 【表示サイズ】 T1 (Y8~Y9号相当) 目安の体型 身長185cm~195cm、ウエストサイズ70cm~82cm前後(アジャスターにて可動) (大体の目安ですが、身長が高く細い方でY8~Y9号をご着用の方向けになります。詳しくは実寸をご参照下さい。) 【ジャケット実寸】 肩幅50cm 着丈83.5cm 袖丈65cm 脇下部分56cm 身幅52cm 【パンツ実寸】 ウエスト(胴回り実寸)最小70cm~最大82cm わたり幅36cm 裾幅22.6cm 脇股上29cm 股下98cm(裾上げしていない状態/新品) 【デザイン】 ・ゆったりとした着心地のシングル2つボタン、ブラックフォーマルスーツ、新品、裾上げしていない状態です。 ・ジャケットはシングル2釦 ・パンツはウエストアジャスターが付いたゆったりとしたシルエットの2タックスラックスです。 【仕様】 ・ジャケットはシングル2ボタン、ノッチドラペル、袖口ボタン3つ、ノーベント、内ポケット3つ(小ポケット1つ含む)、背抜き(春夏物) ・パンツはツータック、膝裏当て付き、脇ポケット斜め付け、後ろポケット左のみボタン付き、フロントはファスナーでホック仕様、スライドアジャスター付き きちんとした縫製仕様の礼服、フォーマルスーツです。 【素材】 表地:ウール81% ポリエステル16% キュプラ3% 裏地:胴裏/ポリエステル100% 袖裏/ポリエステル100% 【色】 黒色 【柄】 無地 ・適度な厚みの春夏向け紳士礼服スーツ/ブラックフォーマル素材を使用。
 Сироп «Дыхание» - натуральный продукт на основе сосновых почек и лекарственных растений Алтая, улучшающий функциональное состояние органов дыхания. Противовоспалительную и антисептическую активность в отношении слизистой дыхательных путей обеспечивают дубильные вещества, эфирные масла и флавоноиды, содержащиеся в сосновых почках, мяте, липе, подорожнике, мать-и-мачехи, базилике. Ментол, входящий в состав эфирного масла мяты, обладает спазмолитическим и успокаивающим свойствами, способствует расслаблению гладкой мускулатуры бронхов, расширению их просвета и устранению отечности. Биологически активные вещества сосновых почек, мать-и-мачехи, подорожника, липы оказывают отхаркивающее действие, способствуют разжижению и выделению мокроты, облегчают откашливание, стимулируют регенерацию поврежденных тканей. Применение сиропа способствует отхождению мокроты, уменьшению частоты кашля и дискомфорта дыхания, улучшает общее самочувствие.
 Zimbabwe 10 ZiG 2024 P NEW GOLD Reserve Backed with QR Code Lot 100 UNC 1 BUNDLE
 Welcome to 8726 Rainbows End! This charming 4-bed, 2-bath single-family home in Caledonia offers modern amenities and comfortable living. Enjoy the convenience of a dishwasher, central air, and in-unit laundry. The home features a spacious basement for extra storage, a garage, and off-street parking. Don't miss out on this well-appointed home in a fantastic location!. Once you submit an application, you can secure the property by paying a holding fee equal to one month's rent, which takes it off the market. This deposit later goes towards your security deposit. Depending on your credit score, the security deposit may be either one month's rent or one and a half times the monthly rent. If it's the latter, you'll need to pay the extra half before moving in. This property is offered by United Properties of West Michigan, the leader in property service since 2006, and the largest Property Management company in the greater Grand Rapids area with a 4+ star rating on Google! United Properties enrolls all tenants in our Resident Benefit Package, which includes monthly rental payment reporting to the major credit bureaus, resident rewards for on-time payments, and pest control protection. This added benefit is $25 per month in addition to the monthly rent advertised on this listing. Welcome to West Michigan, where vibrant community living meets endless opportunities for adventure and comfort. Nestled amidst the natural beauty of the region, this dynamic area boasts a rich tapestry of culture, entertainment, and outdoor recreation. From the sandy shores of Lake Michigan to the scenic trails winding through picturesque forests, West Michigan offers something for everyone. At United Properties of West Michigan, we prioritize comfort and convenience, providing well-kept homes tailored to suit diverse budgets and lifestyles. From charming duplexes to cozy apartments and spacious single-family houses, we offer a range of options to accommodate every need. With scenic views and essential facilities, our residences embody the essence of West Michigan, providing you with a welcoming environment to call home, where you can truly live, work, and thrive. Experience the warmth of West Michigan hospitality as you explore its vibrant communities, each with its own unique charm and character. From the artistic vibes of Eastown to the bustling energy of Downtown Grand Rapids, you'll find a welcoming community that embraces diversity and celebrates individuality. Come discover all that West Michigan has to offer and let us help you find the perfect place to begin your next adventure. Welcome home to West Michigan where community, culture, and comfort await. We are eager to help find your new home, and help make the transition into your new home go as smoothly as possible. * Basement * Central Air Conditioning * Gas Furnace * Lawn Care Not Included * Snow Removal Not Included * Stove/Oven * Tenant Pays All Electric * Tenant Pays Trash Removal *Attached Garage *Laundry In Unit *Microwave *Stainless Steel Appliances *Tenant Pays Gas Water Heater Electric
-------
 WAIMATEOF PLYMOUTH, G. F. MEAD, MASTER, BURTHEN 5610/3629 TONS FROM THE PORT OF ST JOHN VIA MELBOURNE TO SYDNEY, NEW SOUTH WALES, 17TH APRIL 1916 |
-------
Each line above from the one with "улучшает общее самочувствие." up to and including the one with "Zimbabwe 10 ZiG" must be set down exactly, and no line outside that span may appear.

 Сироп «Дыхание» - натуральный продукт на основе сосновых почек и лекарственных растений Алтая, улучшающий функциональное состояние органов дыхания. Противовоспалительную и антисептическую активность в отношении слизистой дыхательных путей обеспечивают дубильные вещества, эфирные масла и флавоноиды, содержащиеся в сосновых почках, мяте, липе, подорожнике, мать-и-мачехи, базилике. Ментол, входящий в состав эфирного масла мяты, обладает спазмолитическим и успокаивающим свойствами, способствует расслаблению гладкой мускулатуры бронхов, расширению их просвета и устранению отечности. Биологически активные вещества сосновых почек, мать-и-мачехи, подорожника, липы оказывают отхаркивающее действие, способствуют разжижению и выделению мокроты, облегчают откашливание, стимулируют регенерацию поврежденных тканей. Применение сиропа способствует отхождению мокроты, уменьшению частоты кашля и дискомфорта дыхания, улучшает общее самочувствие.
 Zimbabwe 10 ZiG 2024 P NEW GOLD Reserve Backed with QR Code Lot 100 UNC 1 BUNDLE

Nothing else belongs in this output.